Review: Together Again In ‘TMNT #104’

by James Ferguson

The pieces that were the lives of Leonardo, Donatello, Michelangelo, and Raphael, start to come back together at long last. Among all the grief and sorrow and the dystopian setting, they’re finally ready to move on. More importantly, they’re all in the same place for the first time in months. What’s next for the Teenage Mutant Ninja Turtles? How can they help the city and the loads of new mutants walking the streets?

Since this arc began, writer / artist Sophie Campbell has delivered a fascinating look at grief and depression through the lens of the heroes in a half shell. Despite this, I was just starting to get a little frustrated with the series, wanting the plot to move onto whatever should come next.
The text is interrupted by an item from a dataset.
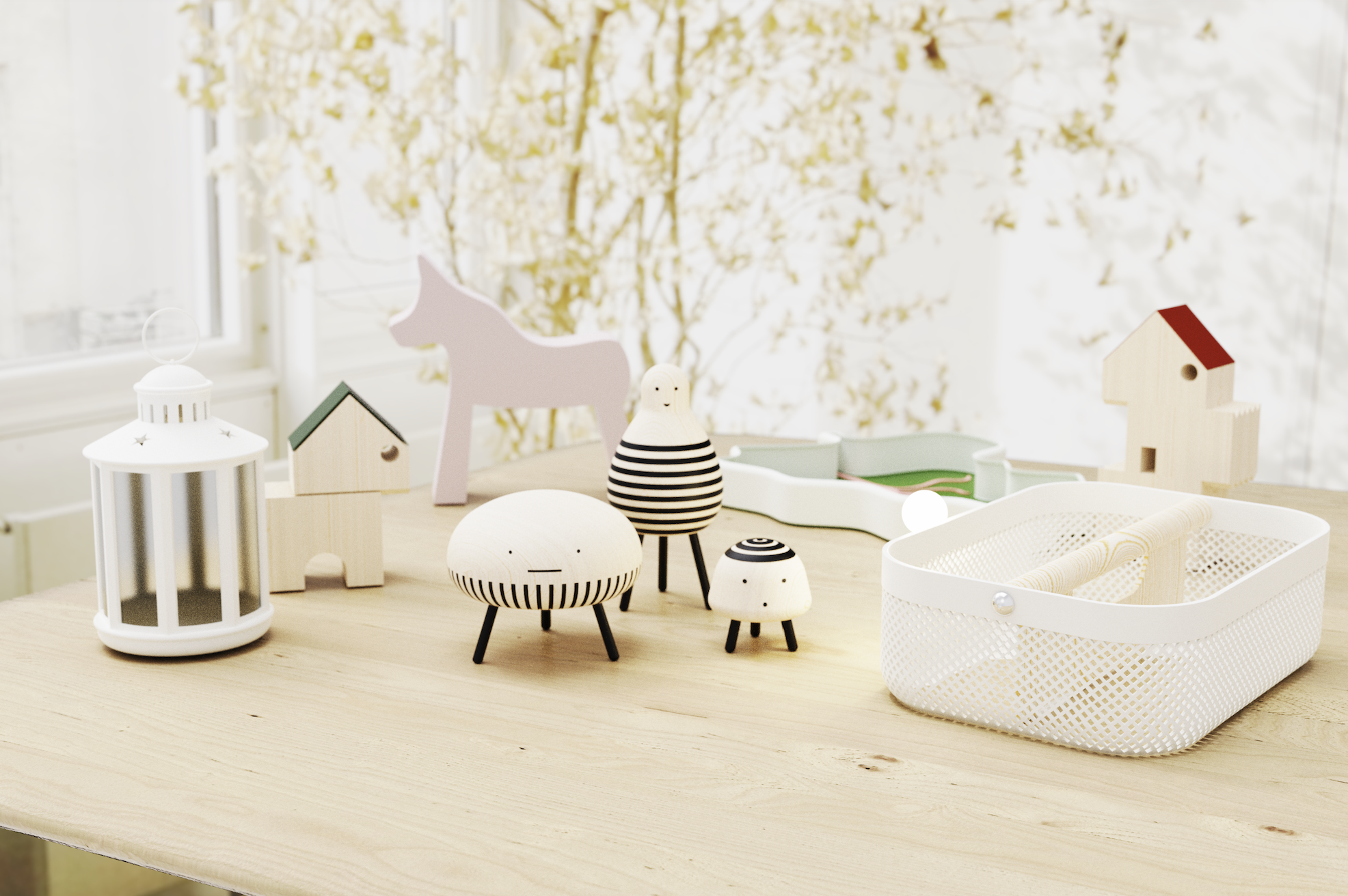 3D printed for 'IKEA' design. Including tableware, toys, and decorations.

That’s when Campbell delivered this massive move, setting the Turtles on the path for what will be a major next step in their lives.
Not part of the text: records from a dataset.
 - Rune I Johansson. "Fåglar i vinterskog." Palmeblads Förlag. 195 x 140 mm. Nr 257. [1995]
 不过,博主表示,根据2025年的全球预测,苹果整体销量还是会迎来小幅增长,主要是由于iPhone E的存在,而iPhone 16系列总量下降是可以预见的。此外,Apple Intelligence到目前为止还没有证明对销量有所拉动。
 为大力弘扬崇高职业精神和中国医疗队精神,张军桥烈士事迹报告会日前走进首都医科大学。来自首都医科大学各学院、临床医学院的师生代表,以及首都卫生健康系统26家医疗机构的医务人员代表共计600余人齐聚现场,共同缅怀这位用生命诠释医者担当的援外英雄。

In hindsight, I’m disappointed in myself. Grief is different for everyone, even mutants. As a reader, I wanted this to move along, but the characters weren’t ready to do that yet. They just lost their father and they needed time to process what that meant and how they felt. Turn that around and think about how you’d react to a friend or loved one in the same situation. Now I feel like a jerk. If nothing else, this comic has helped see how deep mourning and depression can go and how everyone needs a different amount of time to go through it. You can’t just tell them to get over it.
TMNT #104 is bursting with emotional character moments. Campbell can say so much with a single glance, like the heartwarming exchange between Raph and Alopex in the alley behind the shelter, immediately followed by an even more heartwarming one between Raph and Donnie. These are presented with little to no dialogue, but they speak volumes. Letterer Shawn Lee gives the sparse dialogue the impact it needs with expert placement and font choices.
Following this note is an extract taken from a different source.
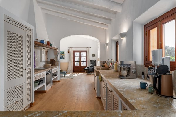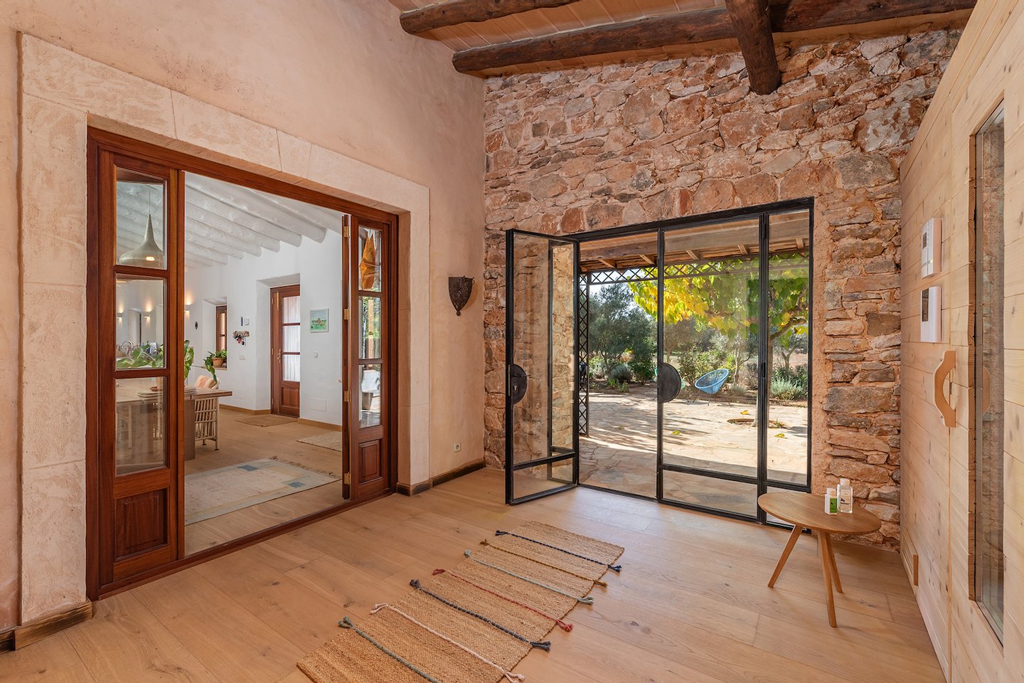 Die ebenerdige Finca bietet eine Wohnfläche von ca. 305 m² und überzeugt durch ihre besondere Raumaufteilung und die stilvolle Gestaltung. Bereits beim Betreten spüren Sie die warme, einladende Atmosphäre, die durch hohe Decken mit freiliegenden Holzbalken unterstrichen wird. Der vordere Bereich der Immobilie beherbergt einen großzügigen Essbereich mit offener Wohnküche und einen Kamin, der an kühleren Abenden für gemütliche Stunden sorgt. Ein separater Raum mit Natursteinwand beherbergt eine Sauna.

A big part of this issue – and the series as a whole – comes when the Turtles are finally reunited on the farm. They’ve been apart, both physically and mentally, for some time so this was a little awkward at first, but they’re family so they came together quickly.
Jennika is a wild card in this dynamic. She’s a literal Ninja Turtle, but she’s not related to the others by blood (although one could argue she is now because she became a mutant thanks to a blood transfusion). She helps each of the Turtles achieve clarity and move through this moment. She doesn’t explicitly spell out what they should do next, but she does give them just the right kind of nudge along the way so they can figure it out for themselves. She’s a welcome addition to the team.
Since this arc began, colorist Ronda Pattison has created a stark contrast between the city and the farm. The former is dark and dingy while the latter is bright and welcoming. That still holds true here, although by the end of this issue, they’re a bit more mixed since the Turtles return to the city. They bring some of that warmth back with them.
Teenage Mutant Ninja Turtles is heading into uncharted territory now. As they, pardon the pun, come out of their shells and feel ready to face the world again, they realize that it’s different from when they went into seclusion. Mutants are public knowledge now so there’s no reason to hide in the shadows. They can live a normal life like a human being without fear of persecution. What does being a mutant (aka being different) mean in a world where everyone is like that? That’s a fascinating idea and I’m looking forward to how it’s explored.
Teenage Mutant Ninja Turtles #104 from IDW Publishing is currently available at your local comic shop and digitally through ComiXology and Amazon Kindle.